▶ [Task details] Among the entries below, one stretch runs from the line that contains "Cortar un pequeño" through the line that contains "เหรียญหลวงพ่อกำจัด วัดป่าสัก ชัยนาท". Repeat that stretch exactly, ends included, and only that.

Stored records:
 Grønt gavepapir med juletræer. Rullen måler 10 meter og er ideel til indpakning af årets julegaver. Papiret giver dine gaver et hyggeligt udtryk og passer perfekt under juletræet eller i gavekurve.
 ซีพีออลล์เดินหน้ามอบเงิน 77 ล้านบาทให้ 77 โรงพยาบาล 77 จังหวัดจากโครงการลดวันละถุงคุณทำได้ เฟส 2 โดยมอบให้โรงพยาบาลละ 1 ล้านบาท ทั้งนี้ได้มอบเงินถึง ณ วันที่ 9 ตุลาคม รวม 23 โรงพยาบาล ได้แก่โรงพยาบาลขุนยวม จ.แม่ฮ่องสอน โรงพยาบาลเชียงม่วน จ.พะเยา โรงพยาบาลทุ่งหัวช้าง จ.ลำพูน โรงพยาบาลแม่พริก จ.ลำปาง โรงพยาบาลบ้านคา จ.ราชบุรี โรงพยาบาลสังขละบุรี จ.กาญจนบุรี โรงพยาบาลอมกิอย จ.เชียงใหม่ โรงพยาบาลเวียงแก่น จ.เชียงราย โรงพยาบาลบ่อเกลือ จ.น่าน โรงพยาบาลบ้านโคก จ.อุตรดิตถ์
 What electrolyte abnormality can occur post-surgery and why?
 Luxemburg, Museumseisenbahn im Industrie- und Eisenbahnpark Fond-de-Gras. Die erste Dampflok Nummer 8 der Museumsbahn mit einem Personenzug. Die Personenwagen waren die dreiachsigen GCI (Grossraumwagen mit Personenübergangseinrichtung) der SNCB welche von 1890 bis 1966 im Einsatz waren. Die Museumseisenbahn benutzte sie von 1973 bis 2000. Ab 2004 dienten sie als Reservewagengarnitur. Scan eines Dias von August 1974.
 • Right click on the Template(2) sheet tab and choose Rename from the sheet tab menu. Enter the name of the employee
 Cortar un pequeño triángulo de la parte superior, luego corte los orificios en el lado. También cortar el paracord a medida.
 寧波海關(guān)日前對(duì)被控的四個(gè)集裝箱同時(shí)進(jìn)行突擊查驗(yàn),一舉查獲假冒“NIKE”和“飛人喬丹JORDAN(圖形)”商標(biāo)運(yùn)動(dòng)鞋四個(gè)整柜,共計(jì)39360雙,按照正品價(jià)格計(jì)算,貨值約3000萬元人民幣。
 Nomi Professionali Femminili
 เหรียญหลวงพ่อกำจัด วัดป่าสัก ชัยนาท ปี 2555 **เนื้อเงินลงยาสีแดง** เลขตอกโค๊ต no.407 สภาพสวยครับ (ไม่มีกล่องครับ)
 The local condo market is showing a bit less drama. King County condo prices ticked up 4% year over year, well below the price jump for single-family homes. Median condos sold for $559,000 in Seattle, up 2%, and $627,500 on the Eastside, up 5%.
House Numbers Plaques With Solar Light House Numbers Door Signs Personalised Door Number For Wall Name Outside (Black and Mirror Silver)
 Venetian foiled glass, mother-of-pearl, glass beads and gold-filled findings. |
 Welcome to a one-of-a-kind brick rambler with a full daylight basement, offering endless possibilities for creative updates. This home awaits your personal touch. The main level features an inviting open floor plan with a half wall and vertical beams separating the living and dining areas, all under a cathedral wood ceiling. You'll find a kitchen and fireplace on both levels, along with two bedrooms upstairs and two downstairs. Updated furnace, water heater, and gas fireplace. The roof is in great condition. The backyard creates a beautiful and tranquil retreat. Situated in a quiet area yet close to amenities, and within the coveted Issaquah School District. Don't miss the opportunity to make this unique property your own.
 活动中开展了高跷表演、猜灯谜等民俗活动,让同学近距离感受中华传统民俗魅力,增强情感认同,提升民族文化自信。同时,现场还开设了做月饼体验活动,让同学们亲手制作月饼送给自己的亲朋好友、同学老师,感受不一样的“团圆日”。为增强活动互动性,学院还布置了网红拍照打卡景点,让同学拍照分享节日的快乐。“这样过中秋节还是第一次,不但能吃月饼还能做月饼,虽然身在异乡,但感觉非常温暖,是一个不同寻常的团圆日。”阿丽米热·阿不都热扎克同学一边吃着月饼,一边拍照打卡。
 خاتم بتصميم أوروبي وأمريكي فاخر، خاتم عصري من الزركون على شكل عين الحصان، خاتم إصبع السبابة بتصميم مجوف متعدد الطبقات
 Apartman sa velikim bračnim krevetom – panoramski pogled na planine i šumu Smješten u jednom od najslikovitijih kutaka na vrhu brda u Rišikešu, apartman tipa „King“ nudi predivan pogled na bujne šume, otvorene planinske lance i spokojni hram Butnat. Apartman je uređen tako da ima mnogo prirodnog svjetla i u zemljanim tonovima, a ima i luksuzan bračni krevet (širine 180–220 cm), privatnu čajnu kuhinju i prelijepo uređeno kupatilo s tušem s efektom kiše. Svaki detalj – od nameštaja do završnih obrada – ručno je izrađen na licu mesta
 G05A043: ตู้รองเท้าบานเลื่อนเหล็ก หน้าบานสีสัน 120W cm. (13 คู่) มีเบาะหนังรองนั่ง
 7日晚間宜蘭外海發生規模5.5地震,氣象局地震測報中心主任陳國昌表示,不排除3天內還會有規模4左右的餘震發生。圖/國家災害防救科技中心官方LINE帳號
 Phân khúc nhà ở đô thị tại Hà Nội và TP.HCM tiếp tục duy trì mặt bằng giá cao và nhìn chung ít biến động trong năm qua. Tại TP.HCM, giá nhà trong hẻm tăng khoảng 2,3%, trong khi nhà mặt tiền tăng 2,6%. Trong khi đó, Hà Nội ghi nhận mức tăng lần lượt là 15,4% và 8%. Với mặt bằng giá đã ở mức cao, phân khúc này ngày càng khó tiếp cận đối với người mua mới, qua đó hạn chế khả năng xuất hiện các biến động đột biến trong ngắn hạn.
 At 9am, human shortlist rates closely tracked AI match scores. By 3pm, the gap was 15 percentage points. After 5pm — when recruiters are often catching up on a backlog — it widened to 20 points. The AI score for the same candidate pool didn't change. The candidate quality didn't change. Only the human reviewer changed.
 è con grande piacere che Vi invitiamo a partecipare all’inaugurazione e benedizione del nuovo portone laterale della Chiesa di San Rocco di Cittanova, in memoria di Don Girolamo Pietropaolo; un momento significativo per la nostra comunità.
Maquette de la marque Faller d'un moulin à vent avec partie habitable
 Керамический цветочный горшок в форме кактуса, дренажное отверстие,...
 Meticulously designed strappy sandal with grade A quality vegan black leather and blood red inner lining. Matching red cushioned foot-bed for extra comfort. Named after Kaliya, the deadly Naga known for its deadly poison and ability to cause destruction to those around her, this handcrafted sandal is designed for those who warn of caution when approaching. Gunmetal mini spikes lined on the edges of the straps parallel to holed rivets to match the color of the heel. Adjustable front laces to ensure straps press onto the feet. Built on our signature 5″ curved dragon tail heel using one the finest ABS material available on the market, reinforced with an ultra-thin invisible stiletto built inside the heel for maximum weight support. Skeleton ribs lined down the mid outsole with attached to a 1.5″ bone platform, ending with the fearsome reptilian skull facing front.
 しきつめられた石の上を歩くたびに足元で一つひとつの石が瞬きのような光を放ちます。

▶ [Response area]
 Cortar un pequeño triángulo de la parte superior, luego corte los orificios en el lado. También cortar el paracord a medida.
 寧波海關(guān)日前對(duì)被控的四個(gè)集裝箱同時(shí)進(jìn)行突擊查驗(yàn),一舉查獲假冒“NIKE”和“飛人喬丹JORDAN(圖形)”商標(biāo)運(yùn)動(dòng)鞋四個(gè)整柜,共計(jì)39360雙,按照正品價(jià)格計(jì)算,貨值約3000萬元人民幣。
 Nomi Professionali Femminili
 เหรียญหลวงพ่อกำจัด วัดป่าสัก ชัยนาท ปี 2555 **เนื้อเงินลงยาสีแดง** เลขตอกโค๊ต no.407 สภาพสวยครับ (ไม่มีกล่องครับ)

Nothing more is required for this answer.